2. Tax on the Firm again: The revised section 45(4) levies another tax (capital gains tax) on the Firm when a Partner receives money or capital asset from the firm, in case of reconstitution of the Firm (but not dissolution). Profit is computed as the difference between the FMV of capital asset plus money received and the balance in the Partner’s capital account. To deal with the scourge of inflating capital account balances by crediting revaluation profits, the section specifically requires that it be ignored while determining the balance of capital account. This second tax appears to be a tax on the Partners for ‘transferring’ their stake in the Firm, though tax is paid by the Firm.
In the above tax working, the nature of capital gains (long term or short term) is determined by reference to the period of holding of the asset being revalued at the time of reconstitution. The gains are taxable as short term if they relate to revaluation of self-generated asset or goodwill or capital asset forming part of block of assets or any other asset classified as short term. The gains are taxable as long term if they relate to revaluation of assets classified as long term at the time of relaxation and does not belong to any of the asset categories discussed above.
3. Enabling flow of credit: The new provisions try to avoid double taxation in two ways. First, once the Firm pays taxes under section 9B, the profit on distribution is credited to the Partners’ capital accounts, thereby reducing profit while computing tax under section 45(4). Second, the amount of capital gains offered to tax by the Firm under section 45(4) is allowed as a reduction while computing capital gains on transfer of any remaining capital asset by the Firm in future (section 48(iii)). However, the income taxed under section 45(4) is attributed to the remaining assets in proportion of the increase in value of that particular asset to the aggregate increase in value of all assets because of the revaluation.
While the new provisions are complex, they appear to be well constructed and the release of clarifications by CBDT helps taxpayers understand the impact. Inevitably though, the devil is in the detail and here is where a few areas deserve further thought:
• Tax impact and accounting treatment are closely interwoven, meaning that divergence in accounting could lead to differing tax outcomes.

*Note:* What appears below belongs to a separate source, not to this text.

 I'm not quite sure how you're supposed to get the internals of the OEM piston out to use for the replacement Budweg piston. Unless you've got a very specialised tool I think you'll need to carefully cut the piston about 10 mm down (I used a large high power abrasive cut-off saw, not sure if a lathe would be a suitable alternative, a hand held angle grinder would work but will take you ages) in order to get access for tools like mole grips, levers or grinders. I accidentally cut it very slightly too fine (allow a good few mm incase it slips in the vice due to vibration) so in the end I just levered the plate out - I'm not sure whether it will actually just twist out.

• A clear process for determining FMV should be specified, since a change in valuation method can affect the quantum of profit/ tax.
• Since the same transaction is taxed twice (albeit from different perspective), double taxation will be avoided only if entire credit is enabled. In some situations, credit may be delayed or incomplete, leading to lethargic flow of credit and hardships for taxpayers.

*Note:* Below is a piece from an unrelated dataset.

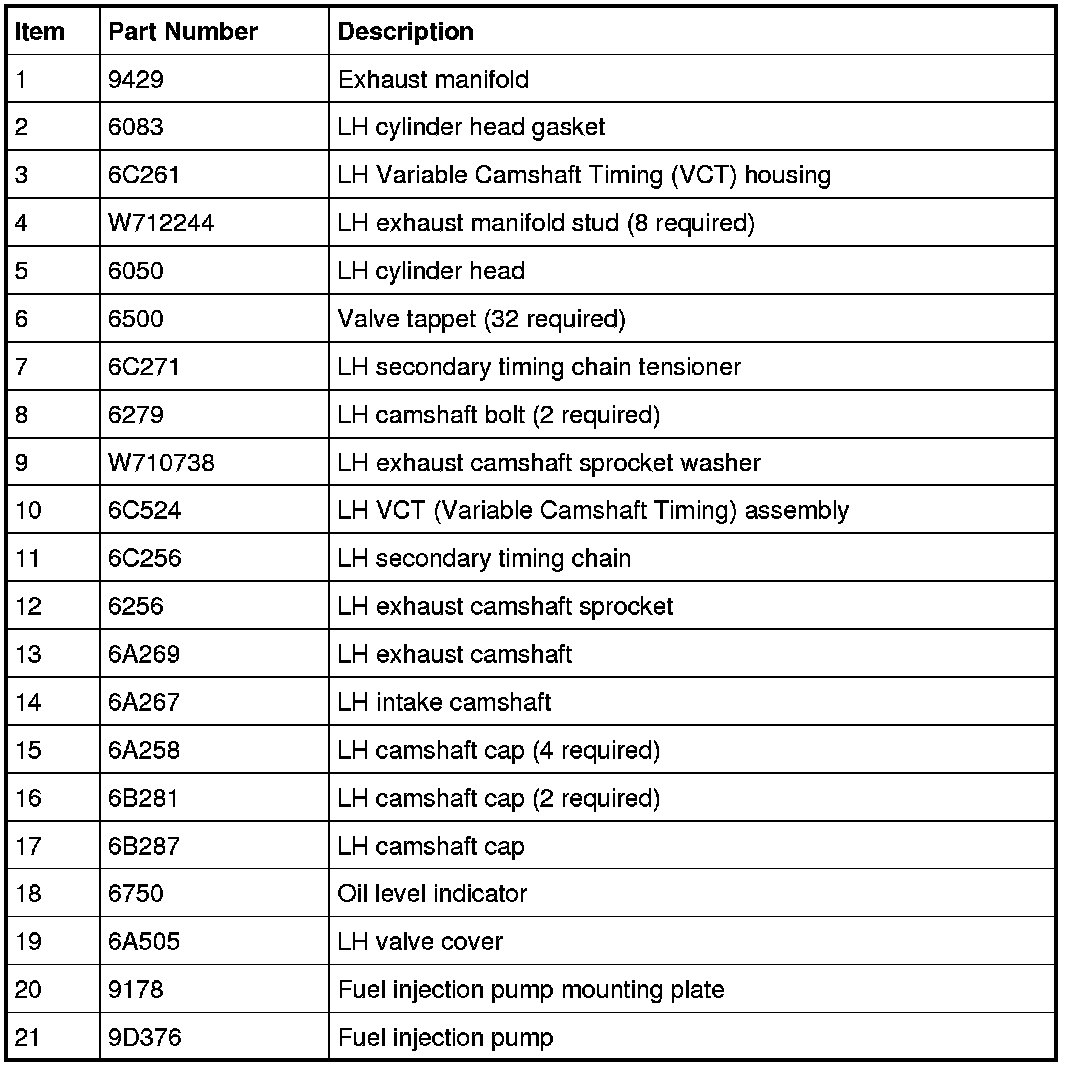 61. Assemble the LH VCT (Variable Camshaft Timing) assembly, the LH exhaust camshaft sprocket and the LH secondary timing chain.

• In case of a difference in timing (between the first tax event and the eventual offset of credit), benefit of indexation should be provided.
• The option of saving capital gains (e.g.: section 54F) should be made available to Partners/ Firm, which will encourage re-investment of capital.

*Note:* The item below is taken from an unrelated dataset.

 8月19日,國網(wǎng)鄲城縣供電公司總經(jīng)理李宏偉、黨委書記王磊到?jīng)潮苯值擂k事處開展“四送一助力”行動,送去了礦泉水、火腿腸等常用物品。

In conclusion, the new provisions indicate a comprehensive approach to dealing with an old and admittedly vexed tax question. However, the impact on small and medium enterprises (which often use non-corporate formats for their business) needs to be carefully considered, since the provisions are complex, and non-compliance might lead to a fresh wave of litigation.
Moreover, the provisions take effect from April 1, 2020, meaning that we are already past the deadline when it comes to reviewing shortfalls in past transactions, even one as simple as admitting a new partner.
The authors, Rajendra Nalam and Prateek Jain, are Partner and Associate Director, M&A and PE Tax respectively at KPMG in India. The views expressed are personal.